Como o escorpião da fábula, Bolsonaro é incapaz de agir contra a própria natureza. Suas atitudes espelham seu passado, e à medida que se sente tolhido de praticar um enfrentamento sem base científica da epidemia da Covid-19, radicaliza. Como fez ao tomar parte da manifestação subversiva de domingo. “Tem prefeitos aí que cometeram barbaridades”, disse, referindo-se ao fechamento escolas, comércios, praias, visando impedir aglomerações e conter a propagação do vírus.

Até os ministros militares lamentaram o papel desempenhado pelo chefe. Mas o desatino pede reação mais eloquente. Algo mais palpável do que cara de nojo. O general Hamilton Mourão disse a interlocutores que se arrependeu de não ter se posicionado no mesmo dia, e a tendência era que ele se manifestasse ontem, segunda-feira. E certamente não seria em apoio ao presidente. Especula-se também que a videoconferência dos comandantes das Forças Armadas com o ministro da Defesa, Fernando Azevedo, que vem discutido semanalmente assuntos relacionados à operação contra o coronavírus, desta vez trate de outras questões além da pandemia.

Desde o início de seu governo que Bolsonaro demonstra repúdio pelos freios e contrapesos de uma democracia representativa. Se não vir por si mesmo que Legislativo e Judiciário existem para atuar ao lado do Executivo de forma harmônica, e que existem barreiras institucionais para conter um poder que tente se sobrepor aos outros — caso do Executivo com ele na poltrona presidencial —, alguém precisa lhe abrir os olhos. Ou cegá-lo de vez.
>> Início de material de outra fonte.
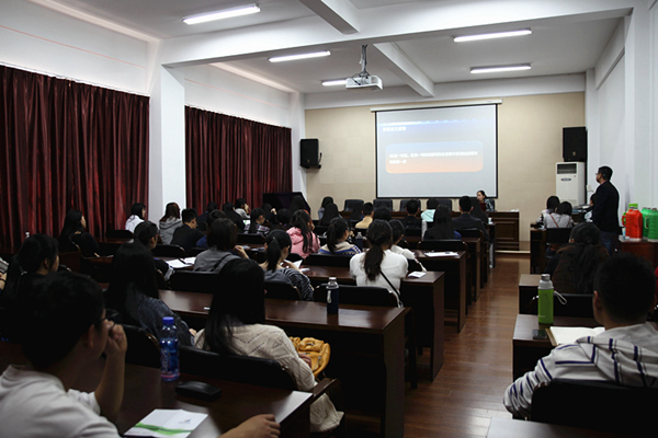 讲座中,读秀学术搜索培训专员徐鸽首先为师生详细介绍了“读秀”的特点和各项检索技巧,并简要介绍歌德电子书借阅机使用方法。随后,万方知识服务平台培训专员刘叶子以《我的论文我做主》为题,介绍了如何利用万方数据库帮助论文选题和写作。最后,川页科技有限公司的许建宾简要介绍了KUKE数字音乐图书馆和起点自主考试学习系统的情况,并与师生进行了愉快互动。

Josias de Souza escreveu que o presidente vem assumindo aos poucos a incômoda aparência de um maestro da orquestra do Titanic. O excesso de confiança o impede de perceber que há uma fenda no casco do governo. Com a economia do país a caminho do fundo, a água logo estará invadindo as escotilhas. E menosprezando o fato de que o vírus desliza pelo convés, continua movimentando a batuta diante da claque da "volta à normalidade". Ou ele interrompe a charanga anticientífica e golpista, ou comprovará sua tese de que esta administração tem, sim um rumo. O rumo do naufrágio.